As examined in, “The Las Vegas Resort Using Microwaves to Keep Guns Out of its Casino”, an article written by Robbie Gonzalez and published by Wired Magazine, a new technology is being tested at the Westgate Las Vegas Resort and Casino that has the ability to detect concealed firearms (Gonzalez).

According to Gonzalez, the device is the, “Patscan Cognitive Microwave Radar. Marketed by Canadian security outfit PatriotOne, the Patscan CMR combines short-range radar with machine learning algorithms to scan individual guests for guns, knives, and bombs in real time—without forcing them to line up and walk through metal detectors” (Gonzalez). Furthermore, this system is fairly small is rather concealable (Gonzalez).

Concerning the specifics of the CMR’s operation, “the first antenna emits 1,000 pulses of electromagnetic radiation per second, at frequencies between 500 MHz and 5 Ghz” (Gonzalez) while “the second antenna monitors for electromagnetic patterns inside that two-meter range. When you hit an object with electromagnetic radiation, it resonates according to its shape and material…pistols, grenades, rifles…all resonate in the frequency range that Patscan emits” (Gonzalez).

Finally, Patscan utilizes a computer and a de-facto radar signature library that can be added to in order to identify potential threats and inform local police forces (Gonzalez).

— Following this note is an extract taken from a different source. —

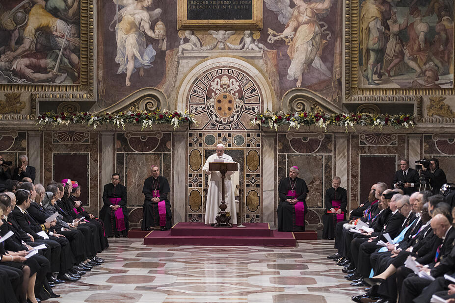 In seiner Neujahrsansprache an die Diplomaten, die als eine der wichtigsten päpstlichen Reden zur politischen Weltlage gilt, befasste sich der Papst dieses schwerpunktmäßig mit der Allgemeinen Erklärung der Menschenrechte. Wenn die katholische Kirche von Menschenrechten spreche, bedeute das für sie vor allem, immer wieder auf die zentrale Würde des Menschen, der von Gott gewollt sei, hinzuweisen. Aus christlicher Sicht bestehe daher "eine bedeutende Beziehung zwischen der Botschaft des Evangeliums und der Anerkennung der Menschenrechte gemäß dem Geist der Verfasser der Allgemeinen Erklärung der Menschenrechte", würdigte Franziskus die vor 70 Jahren verabschiedete Menschenrechtsdeklaration. Eine reduktionistische Sicht der menschlichen Person hingegen öffne "den Weg für die Verbreitung von Ungerechtigkeit, sozialer Ungleichheit und Korruption".

In my perspective, I view this development as a positive and ethical utilization of machine learning. Unlike facial recognition, the CMR does not necessarily care about who an individual is but rather what they are carrying. In addition, I believe that the operational procedure of this product is very “hands off” and seems to require no input or manipulation from the customer or the resort staff.

It will be interesting to follow the Patscan CMR as it progresses through its testing phase and possibly into everyday use at public hotspots such as airports, museums, or sporting events.


Article: “The Las Vegas Resort Using Microwaves to Keep Guns Out of its Casino”(Robbie Gonzalez)(Wired Magazine)-

2 thoughts on “Gun Detection in Las Vegas

  1. If microwave detection is really being able to scan dangerous objects, then it can rapidly increase the efficiency of airport securities. The problem with the airport security system is that it limits the rate of flow of people boarding on the plane. Since automation has been used for faster applications, microwave detection becomes an extension of it. Right now we have auto check-in with baggage and scanning fingerprints with facial recognition. Finally, if the airport is able to add the detection, then the passenger flow rate would be well-distributed.

  2. You did a great job with your article, very interesting! Personally, I think that this technology is extremely necessary especially since people do not need to pass through any metal detectors for their weapons to be found. They can be found even when inside of luggage or hidden which is very helpful. I also like how the technology can identify all weapons, and alerts the facility of exactly what kind of weapon someone is carrying. This technology can especially be useful in places like airports, schools, movie theaters, or any type of event that we can see many people passing through. These advancements can also limit stereotyping a person and requiring an extra search because of how they look. Overall I do not see any negatives to this technology and can see it becoming very common around the country in the future.